Many people have contacted me recently about the Tenant Fees Bill 2017-19, which received its second reading in the House of Commons on 21 May. I know this is a subject that many people feel strongly about, therefore I thought I’d outline my views here.

The Bill sets out the Government’s approach to banning letting fees paid by tenants, with the overriding purpose of making renting fairer, more affordable and transparent, and to give tenants greater clarity and control over what they pay.

Tenants are charged hundreds of pounds a year for a variety of fees when renting a property. Before moving in, these charges can include a holding deposit, a registration fee, an administration fee and a fee for a reference check. Tenants can also be charged fees to renew their contract and to exit a contract and some even have to pay the letting agent to provide a reference for their new landlord.

Moreover, there is currently no upper cap on the fees agents can charge in England.
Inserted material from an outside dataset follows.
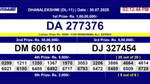 The Kerala State Lottery Department today announced the results of the Dhanalekshmi DL 11 draw, conducted at Gorky Bhavan, Thiruvananthapuram, at 3 PM on 30/07/2025. The draw was held under stringent supervision in line with government procedures.

A report by the housing charity Shelter found that one in four people felt they had been charged unfair letting agency fees, with one in seven renters who used a letting agency paying fees of more than £500.

The Housing, Communities and Local Government Select Committee scrutinised a draft form of the Bill earlier this year and concluded that, as it stands, the Bill “does not provide a comprehensive definition of ‘default fee'” and warned that this is “open to abuse” by landlords. Indeed, letting agents involved in the inquiry told the Committee that the fees that agencies would be allowed to charge tenants, including default fees, would be “increased severely” and “applied more rigorously” in order to recoup lost revenue.

The Bill has passed its second reading and will now progress to committee stage for further scrutiny. I can assure I will follow the Bill closely and stand up for renters by backing proposals to close loopholes by which landlords can continue to charge unfair fees.